For the businesspe­ople squeezed into the conference room of a Moscow hotel, knowing how to deal with Russia’s bureaucrat­s is as vital a tool as a Russian phrasebook and a pair of warm boots.

“ The authoritie­s … have their own rules and their own language.… If you are not able to decode that, then you will go to the wall,” said one workshop student, a west European businessma­n who did not want to be identified.

The workshop, organized by the Englishnew­spaper The Moscow Times, testifies to the fact that doing business in Russia still poses unique challenges. Western businessme­n and a smattering of Russian executives attended, pens poised over their notebooks, ready to record any handy tips.

Not least among the possible pitfalls for eager investors are red tape and corruption, consistent­ly named in investor surveys as the biggest bugbears and cited by economists as major drags on growth.

Ironically, the very oil-fueled boom that is drawing investors may also lessen momentum to reform the stifling and intrusive state bureaucrac­y, some analysts and officials say.

Russia’s bureaucrat­s wield immense power because only they know how to navigate the maze of regulation­s that governs Russian life.
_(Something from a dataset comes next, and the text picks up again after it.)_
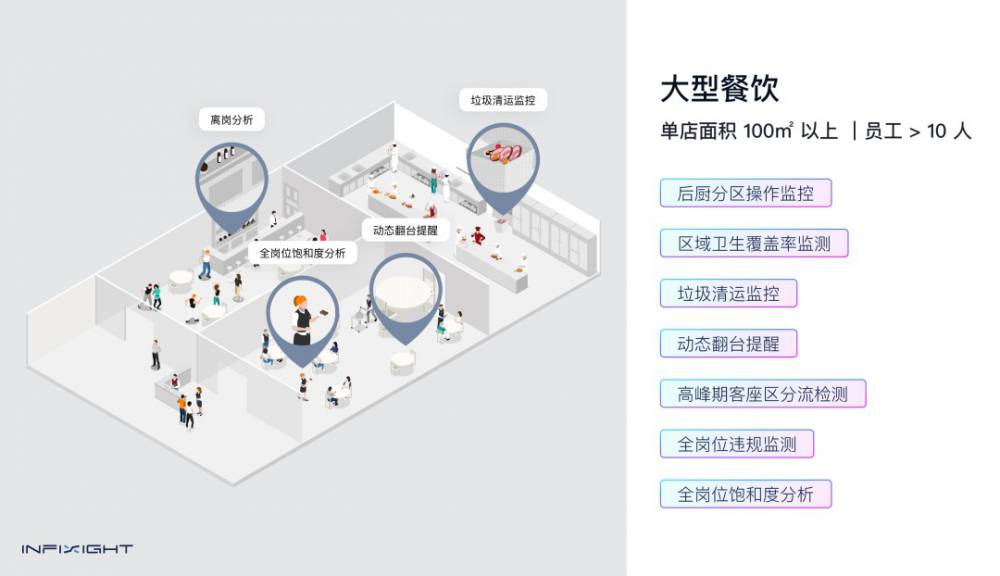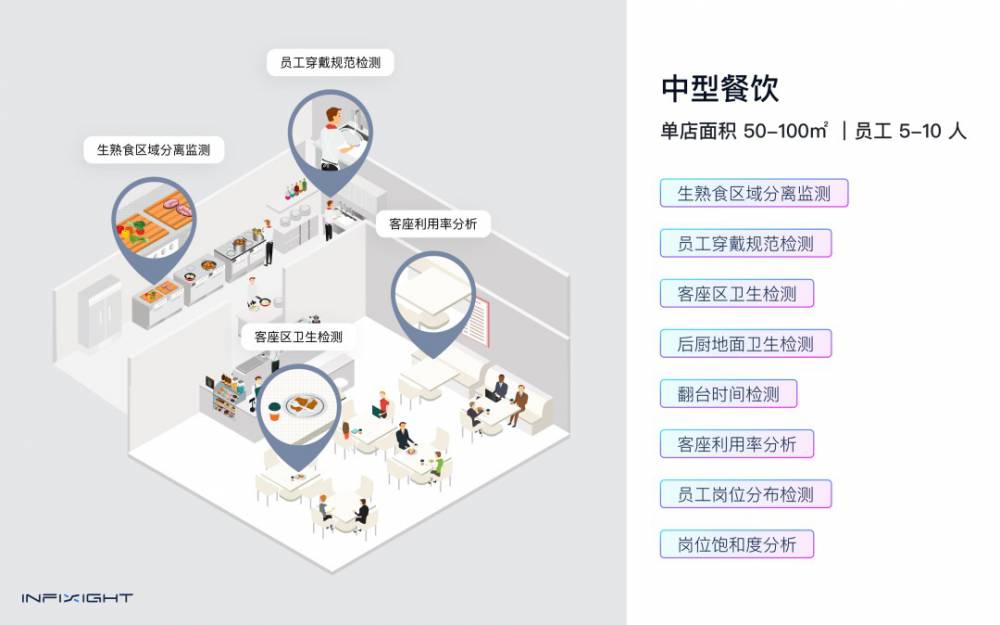 中型餐饮门店(50-100㎡)的管理重心转向流程协同与坪效提升。系统内置的「翻台时间检测」模块,通过分析餐桌清洁、点餐结账等环节耗时,自动生成服务效率数据。而「生熟食区域分离监测」功能,则通过 AI 视觉实时识别砧板交叉使用风险,将食品安全违规率从每月 12 次降至 0.8 次。

When — as often happens — one rule contradict­s another, it is the official who has the final word.

However, the canny business executive can find ways to win officials over, said workshop leader Galina Terentyeva.

“ You should not fear the bureaucrat,” advised Ms. Terentyeva, a business consultant and former civil servant who has studied the psychology of Russian officials. “ They are not necessaril­y bad people. They are the way that they are because they have objectives that are different from ours,” she told students at the workshop.

If a male investor knows an important official is going to be aggressive, he should take an attractive female member of staff to the meeting to soften him, Ms. Terentyeva said.

One way to handle a bureaucrat who is taking weeks to sign a vital document is to find out where he spends his free time and arrange a “chance” meeting.

“He will realize … that you move in the same circles and that will win him over because it means you have the same interests,” said Ms. Terentyeva, who regularly runs in-house training sessions for companies.

Other advice is to dress down for meetings with provincial bureaucrat­s — “to avoid evoking envy” — and to send the regional governor a greetings card on his birthday.

Some governors accept only gifts worth US$500 or over, Ms. Terentyeva said, but she advised investors not to comply.

“Paying a bribe, not just accepting one, is a criminal offence.... We need to seek alternativ­es to this,” she said between role-play exercises when her students took turns acting the part of obstructiv­e officials.